=== Problem to solve ===
What you submit must be an exact copy of the listing below, with no images in it.

=== Data shown ===
◇ ◇ ◇ ◇ ◇ ◇ ◇

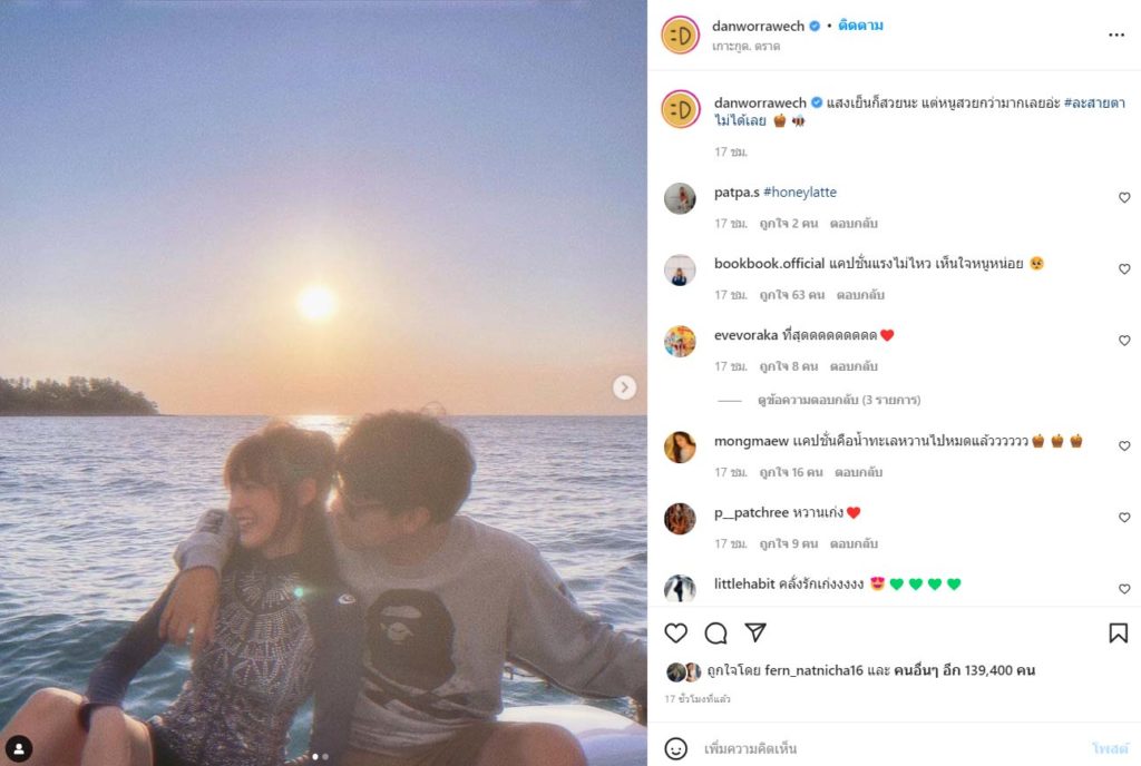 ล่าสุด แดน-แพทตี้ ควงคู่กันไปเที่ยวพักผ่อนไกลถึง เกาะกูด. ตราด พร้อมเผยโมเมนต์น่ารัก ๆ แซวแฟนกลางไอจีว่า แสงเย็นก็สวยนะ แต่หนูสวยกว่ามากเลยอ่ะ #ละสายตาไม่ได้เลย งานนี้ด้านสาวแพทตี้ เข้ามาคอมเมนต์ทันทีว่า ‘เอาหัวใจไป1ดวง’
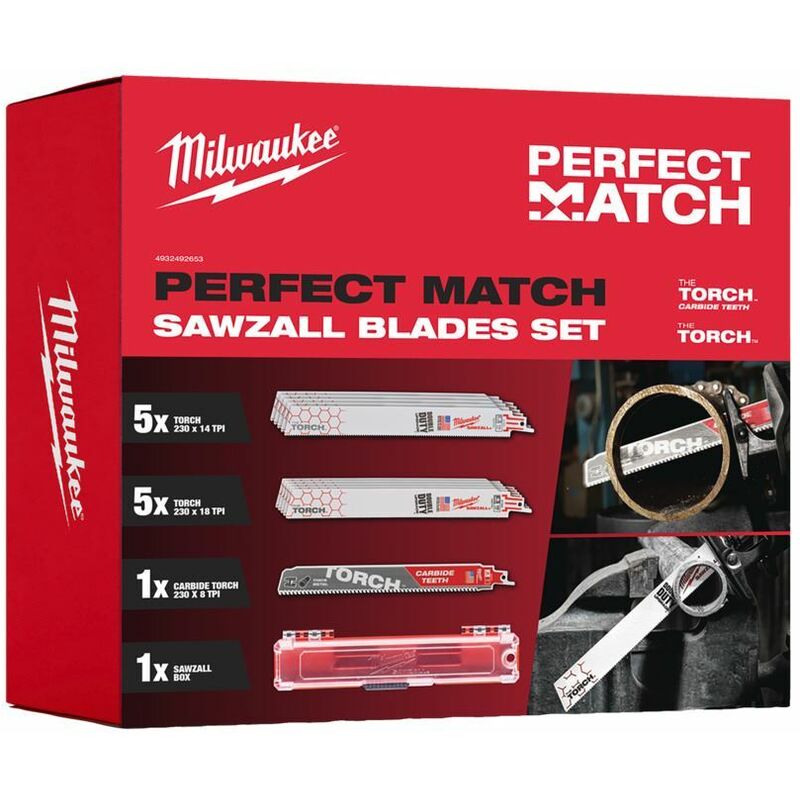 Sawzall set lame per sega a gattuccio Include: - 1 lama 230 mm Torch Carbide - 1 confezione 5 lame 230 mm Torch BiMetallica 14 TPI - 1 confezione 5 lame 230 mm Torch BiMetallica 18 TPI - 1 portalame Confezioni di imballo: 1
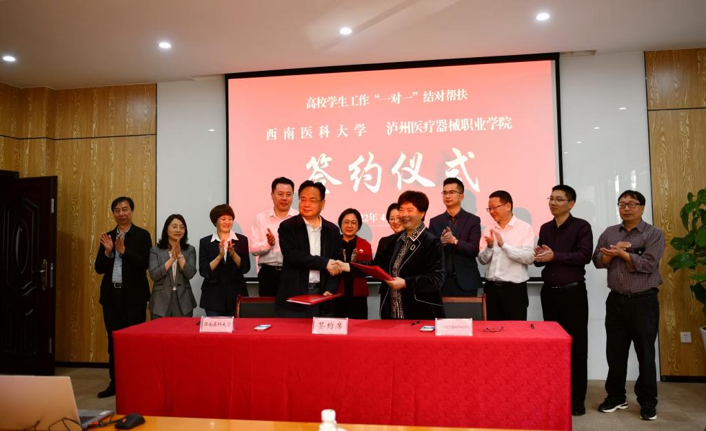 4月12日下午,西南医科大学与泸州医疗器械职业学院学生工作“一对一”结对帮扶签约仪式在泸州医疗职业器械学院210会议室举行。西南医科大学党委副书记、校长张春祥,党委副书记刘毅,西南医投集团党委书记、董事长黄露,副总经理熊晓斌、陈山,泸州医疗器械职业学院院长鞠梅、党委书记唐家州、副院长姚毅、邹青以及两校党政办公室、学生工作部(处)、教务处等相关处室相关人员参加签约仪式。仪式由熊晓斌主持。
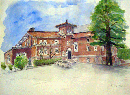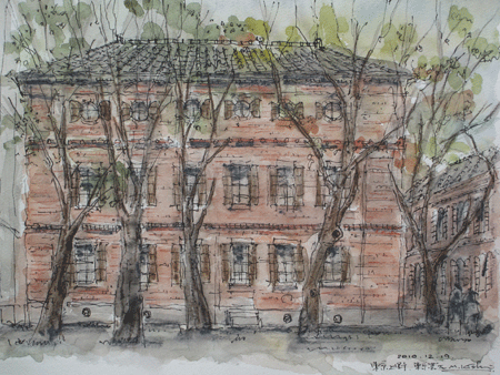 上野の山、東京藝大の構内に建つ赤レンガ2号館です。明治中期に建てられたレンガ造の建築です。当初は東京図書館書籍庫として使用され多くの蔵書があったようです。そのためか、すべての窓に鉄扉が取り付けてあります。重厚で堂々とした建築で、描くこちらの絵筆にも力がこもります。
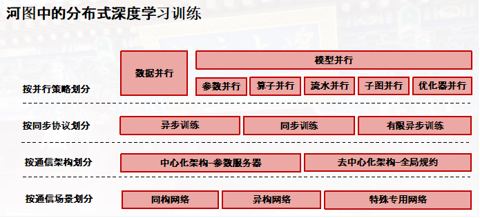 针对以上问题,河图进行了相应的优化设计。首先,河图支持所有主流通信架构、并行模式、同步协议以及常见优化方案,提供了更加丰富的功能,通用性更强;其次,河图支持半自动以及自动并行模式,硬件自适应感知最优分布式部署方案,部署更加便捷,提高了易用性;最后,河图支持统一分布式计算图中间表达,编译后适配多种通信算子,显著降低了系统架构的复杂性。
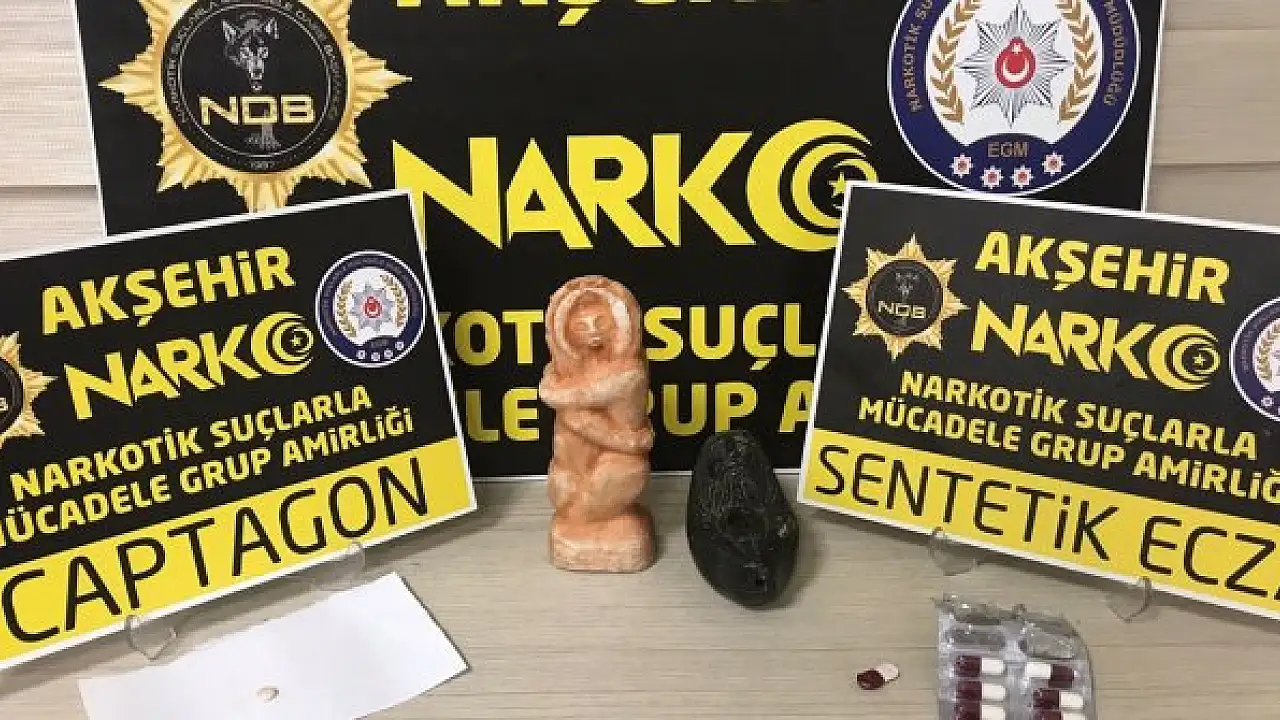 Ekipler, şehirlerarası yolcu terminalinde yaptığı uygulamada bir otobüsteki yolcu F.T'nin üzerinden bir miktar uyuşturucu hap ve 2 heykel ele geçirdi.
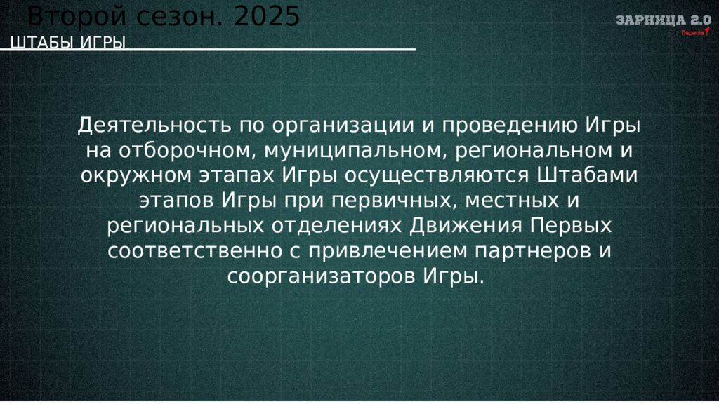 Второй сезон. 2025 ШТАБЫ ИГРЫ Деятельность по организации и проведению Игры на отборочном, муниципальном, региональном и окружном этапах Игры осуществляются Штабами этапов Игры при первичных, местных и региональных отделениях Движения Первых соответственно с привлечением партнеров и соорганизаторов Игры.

◇ ◇ ◇ ◇ ◇ ◇ ◇

=== Output of the exercise ===
 ล่าสุด แดน-แพทตี้ ควงคู่กันไปเที่ยวพักผ่อนไกลถึง เกาะกูด. ตราด พร้อมเผยโมเมนต์น่ารัก ๆ แซวแฟนกลางไอจีว่า แสงเย็นก็สวยนะ แต่หนูสวยกว่ามากเลยอ่ะ #ละสายตาไม่ได้เลย งานนี้ด้านสาวแพทตี้ เข้ามาคอมเมนต์ทันทีว่า ‘เอาหัวใจไป1ดวง’
 Sawzall set lame per sega a gattuccio Include: - 1 lama 230 mm Torch Carbide - 1 confezione 5 lame 230 mm Torch BiMetallica 14 TPI - 1 confezione 5 lame 230 mm Torch BiMetallica 18 TPI - 1 portalame Confezioni di imballo: 1
 4月12日下午,西南医科大学与泸州医疗器械职业学院学生工作“一对一”结对帮扶签约仪式在泸州医疗职业器械学院210会议室举行。西南医科大学党委副书记、校长张春祥,党委副书记刘毅,西南医投集团党委书记、董事长黄露,副总经理熊晓斌、陈山,泸州医疗器械职业学院院长鞠梅、党委书记唐家州、副院长姚毅、邹青以及两校党政办公室、学生工作部(处)、教务处等相关处室相关人员参加签约仪式。仪式由熊晓斌主持。
 上野の山、東京藝大の構内に建つ赤レンガ2号館です。明治中期に建てられたレンガ造の建築です。当初は東京図書館書籍庫として使用され多くの蔵書があったようです。そのためか、すべての窓に鉄扉が取り付けてあります。重厚で堂々とした建築で、描くこちらの絵筆にも力がこもります。
 针对以上问题,河图进行了相应的优化设计。首先,河图支持所有主流通信架构、并行模式、同步协议以及常见优化方案,提供了更加丰富的功能,通用性更强;其次,河图支持半自动以及自动并行模式,硬件自适应感知最优分布式部署方案,部署更加便捷,提高了易用性;最后,河图支持统一分布式计算图中间表达,编译后适配多种通信算子,显著降低了系统架构的复杂性。
 Ekipler, şehirlerarası yolcu terminalinde yaptığı uygulamada bir otobüsteki yolcu F.T'nin üzerinden bir miktar uyuşturucu hap ve 2 heykel ele geçirdi.
 Второй сезон. 2025 ШТАБЫ ИГРЫ Деятельность по организации и проведению Игры на отборочном, муниципальном, региональном и окружном этапах Игры осуществляются Штабами этапов Игры при первичных, местных и региональных отделениях Движения Первых соответственно с привлечением партнеров и соорганизаторов Игры.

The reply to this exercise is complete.